Given data:

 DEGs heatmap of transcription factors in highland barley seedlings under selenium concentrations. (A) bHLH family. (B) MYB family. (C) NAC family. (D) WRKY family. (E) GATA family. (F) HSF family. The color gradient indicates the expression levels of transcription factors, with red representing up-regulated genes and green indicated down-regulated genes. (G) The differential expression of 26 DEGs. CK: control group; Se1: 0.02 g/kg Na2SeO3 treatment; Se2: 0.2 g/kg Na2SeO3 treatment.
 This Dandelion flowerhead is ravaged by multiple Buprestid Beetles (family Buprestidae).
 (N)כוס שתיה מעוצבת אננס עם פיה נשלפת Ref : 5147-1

* * *

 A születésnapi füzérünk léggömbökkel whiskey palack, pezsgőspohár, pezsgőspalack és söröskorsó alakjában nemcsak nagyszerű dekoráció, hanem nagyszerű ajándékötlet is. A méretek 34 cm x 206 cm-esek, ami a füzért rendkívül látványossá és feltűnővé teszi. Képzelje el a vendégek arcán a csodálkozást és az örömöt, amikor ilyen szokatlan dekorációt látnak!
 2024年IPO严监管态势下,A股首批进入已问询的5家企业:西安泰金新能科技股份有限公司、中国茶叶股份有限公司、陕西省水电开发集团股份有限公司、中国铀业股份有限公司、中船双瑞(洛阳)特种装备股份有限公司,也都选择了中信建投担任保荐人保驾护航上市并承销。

---

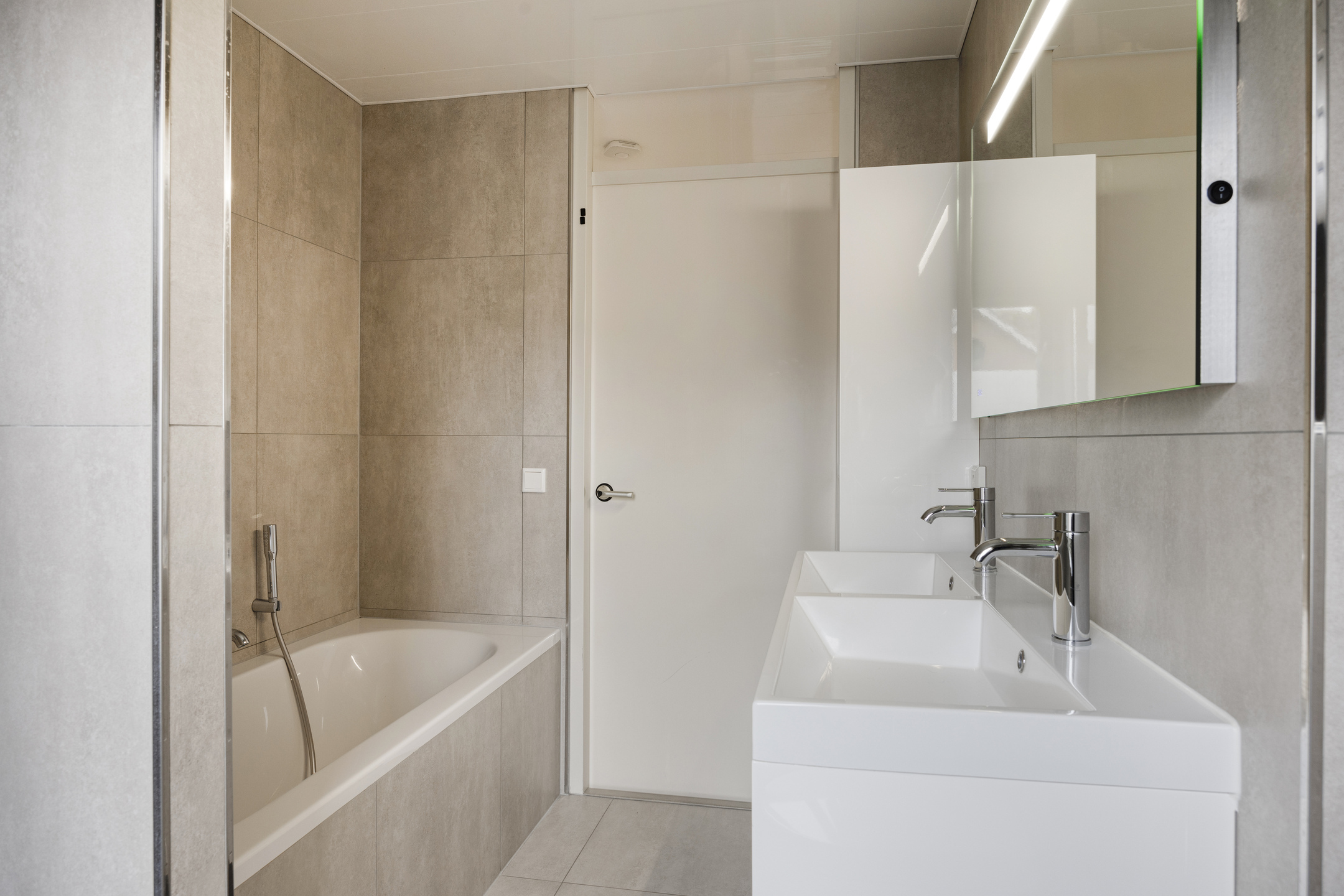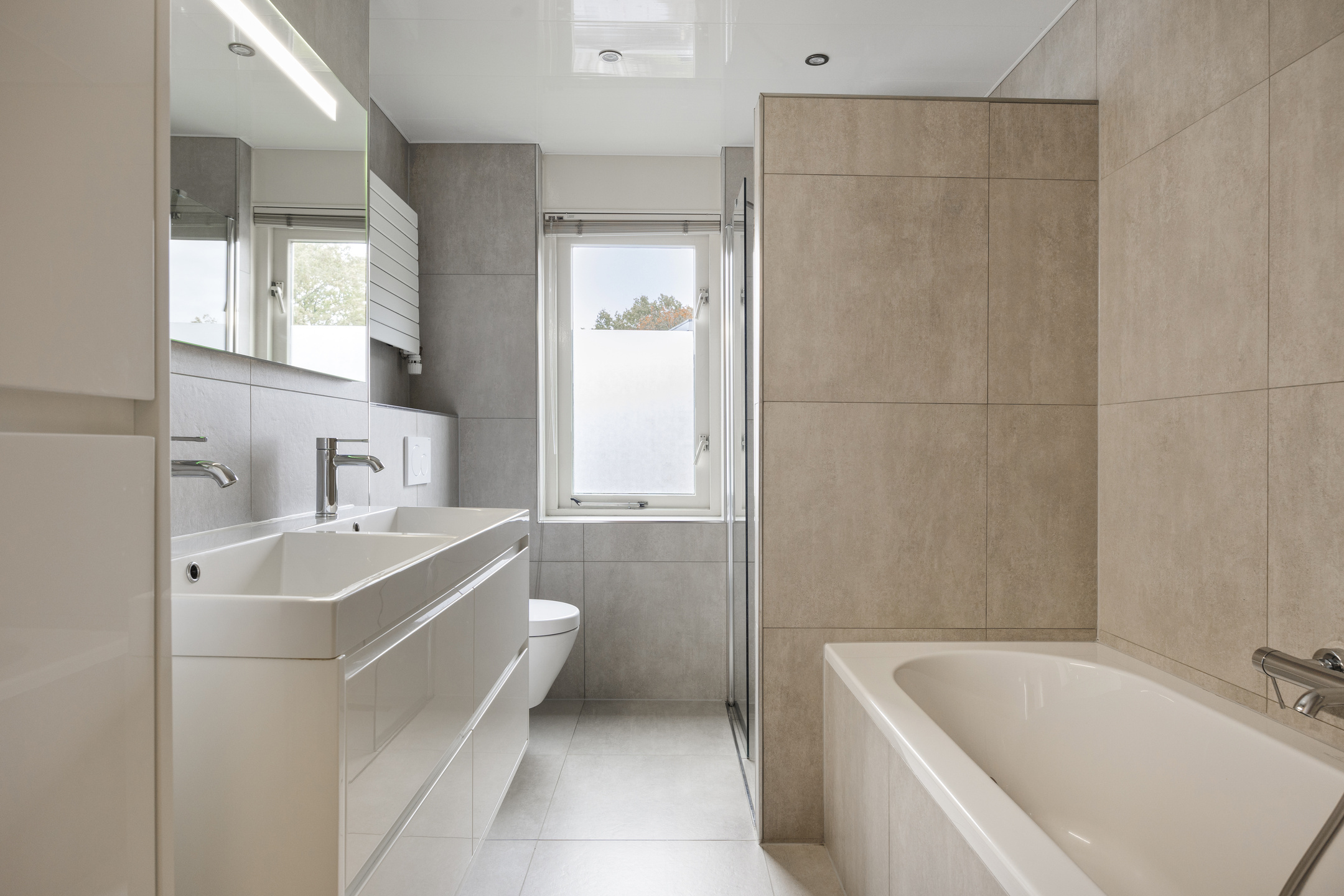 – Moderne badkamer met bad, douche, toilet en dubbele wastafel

Task prompt:
Pull out all lines from the entries above in which the word "family" appears.

Your response:
 DEGs heatmap of transcription factors in highland barley seedlings under selenium concentrations. (A) bHLH family. (B) MYB family. (C) NAC family. (D) WRKY family. (E) GATA family. (F) HSF family. The color gradient indicates the expression levels of transcription factors, with red representing up-regulated genes and green indicated down-regulated genes. (G) The differential expression of 26 DEGs. CK: control group; Se1: 0.02 g/kg Na2SeO3 treatment; Se2: 0.2 g/kg Na2SeO3 treatment.
 This Dandelion flowerhead is ravaged by multiple Buprestid Beetles (family Buprestidae).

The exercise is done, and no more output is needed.